Pensions Minister Guy Opperman has said that the government will introduce legislation designed to force schemes and providers to issue short and simple pension statements if they do not take on its recommendations on a voluntary basis.
The warning has come after the government released a consultation paper on the simplification of workplace pension statements.
Opperman wants providers to commit to giving savers clear information about their pension prospect, ideally on no more than two sides of A4 paper.
“Pension statements are too long, too wordy, full of jargon and confuse savers,” he said. “People don’t read them, or if they do they can’t make head nor tail of them.
“Simpler statements provide clear information that people will actually understand and this will encourage them to save more. I want pensions schemes to drive forward real change quickly but, if necessary, I will consider regulation.”
In the paper, The Department for Work and Pensions (DWP) explains that it wants to gather opinion on how to make statements shorter and easier to understand, while also addressing three key questions: how much money savers have in their pension pots; how much money they could have when they retire; and what they can do to boost their retirement income.
The consultation is based on information gathered by the government following its 2017 review of the auto-enrolment regime, which concluded that pension benefit statements are often ineffective as they are too long and complex. The review said that this meant that savers did not understand or engage with the information they receive.
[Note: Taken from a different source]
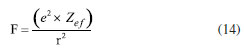 Em 1958, Albert Allred e Eugene Rochow11 propuseram uma escala de eletronegatividade baseada na força de atração nuclear entre o núcleo e o elétron. As cargas elétricas são tratadas como cargas pontuais para estimar a força de atração (F) exercida pelo núcleo em relação ao elétron por uma distância equivalente ao raio covalente (r), (e) é a carga do elétron e Zef representa a carga experimentada pelo elétron a partir da interação com o núcleo - a carga nuclear efetiva,11 sendo menor que a carga nuclear real por conta das repulsões elétron-elétron que promovem o efeito de blindagem (Equação 14).

“As individuals progress through employment they are likely to have more than one workplace pension pot and will receive a number of statements which may be inconsistent in length, language and style,” says the report. “That inconsistency presents another potential barrier to engagement and planning because individuals cannot quickly and easily compare multiple statements.”
Although the paper concedes that the pensions industry is continuing to invest in the development of simpler pension statements, it expresses concern that there will be a lack of consistency across providers and schemes without a “sufficiently joined-up” approach.
The consultation puts forward the two-page simpler annual benefit statement that was developed by Ruston Smith, Quiet Room and Eversheds-Sutherland during the 2017 review as an example of best practice. The template, which was subsequently further revised during 2018 and launched at the PLSA Conference in October 2018. The Government would like to know why voluntary adoption of the template has been low up until now.
In the paper the government explains: “We want to understand what the advantages and disadvantages of use of the simpler statement would be for individuals, trustees and scheme providers; whether providers are voluntarily intending to adopt the statement — or a variant — and if so when. If not, we want to understand what the barriers to doing so are.”
The paper also praises the work carried out this year by the ABI and PLSA to support adoption of simpler statements through their cross-industry steering group on simpler annual statements.
The consultation also discusses whether or not a regulatory approach may be needed and, if so, how that could be framed to drive greater standardisation of the length, format, and content of statements. “As part of this we want to explore what costs may be incurred by providers and others on adopting any new approach,” says the paper.
The paper has also called upon the pension industry to explore the concept of a “statement season” that could support engagement through raising awareness about pension saving and retirement.
It added: “We want to drive this thinking further and as part of this consultation we are inviting views to explore whether, for example, the Swedish ‘orange envelope’ approach to high impact visibility and consistency when mailing statements, and a specific statement season during which statements are sent out, can support awareness of the importance of workplace pension saving at national and individual level and support the normalisation of pension saving.
Responding to Opperman’s warning, Hargreaves Lansdown’s head of policy Tom McPhail, said that the company would prefer to see a lighter touch from the government over the introduction of simpler statements.
“Our preference would be for guidance rather than regulation, as that would leave room for individual firms to experiment and improve customer engagement, as well as building the statements in their other communication activity,” he said.
“We’re interested to look at the idea of a ‘pension statement season’. Eighty-five per cent of Hargreaves Lansdown pension customers log into their accounts every year, showing engagement does work, but we also know most of them don’t open their annual statements we’re required to send them.”